● **Input data**:
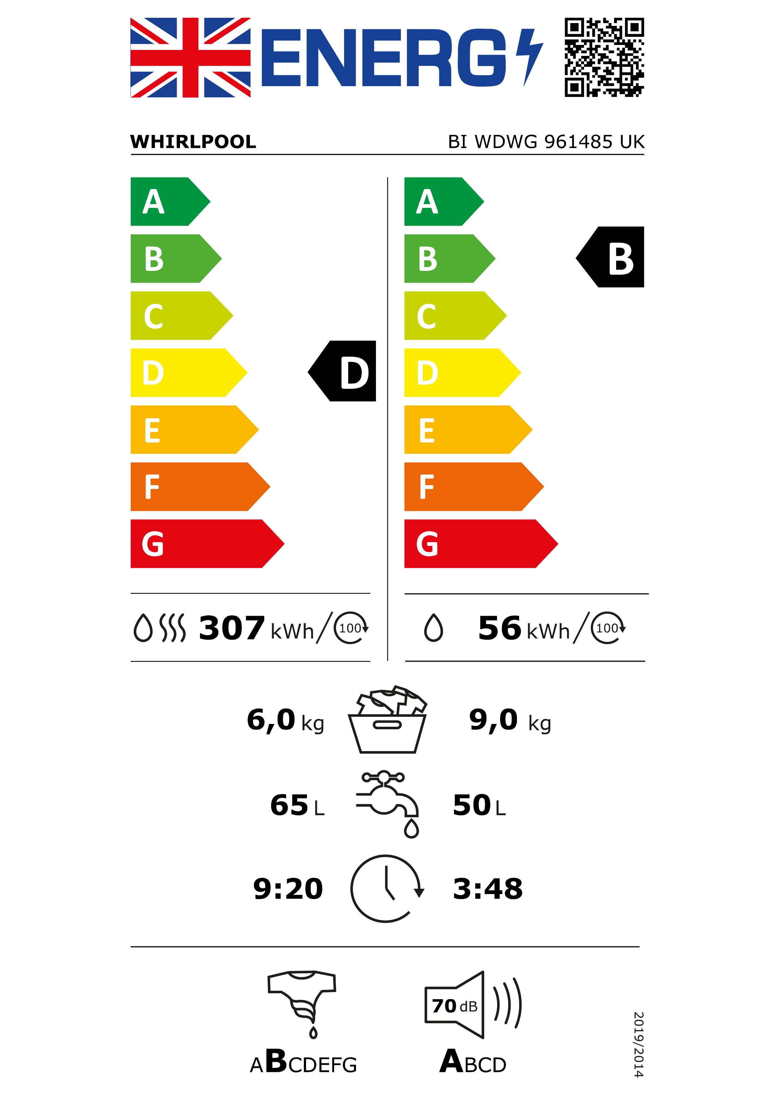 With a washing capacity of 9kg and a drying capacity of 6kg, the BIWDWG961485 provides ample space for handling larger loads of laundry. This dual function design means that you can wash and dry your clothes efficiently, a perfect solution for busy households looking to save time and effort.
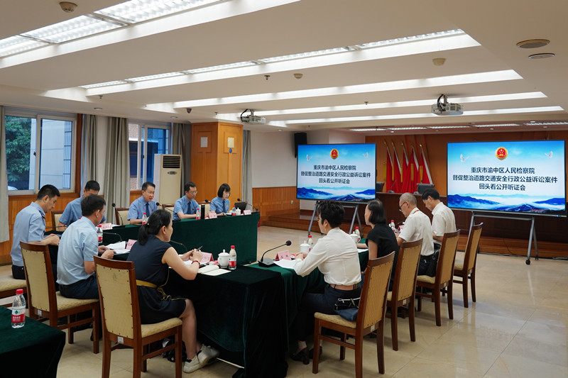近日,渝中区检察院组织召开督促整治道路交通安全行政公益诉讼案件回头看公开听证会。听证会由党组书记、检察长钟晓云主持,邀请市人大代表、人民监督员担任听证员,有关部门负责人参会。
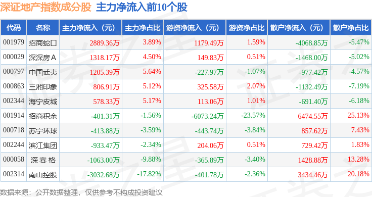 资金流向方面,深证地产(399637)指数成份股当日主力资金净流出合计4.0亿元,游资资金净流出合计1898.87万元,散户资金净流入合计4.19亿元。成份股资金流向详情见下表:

● **Assignment**: Begin at the first line of the material and copy each line exactly through the one containing "近日,渝中区检察院组织召开督". Omit pictures.

● **Response to this exercise**:
 With a washing capacity of 9kg and a drying capacity of 6kg, the BIWDWG961485 provides ample space for handling larger loads of laundry. This dual function design means that you can wash and dry your clothes efficiently, a perfect solution for busy households looking to save time and effort.
近日,渝中区检察院组织召开督促整治道路交通安全行政公益诉讼案件回头看公开听证会。听证会由党组书记、检察长钟晓云主持,邀请市人大代表、人民监督员担任听证员,有关部门负责人参会。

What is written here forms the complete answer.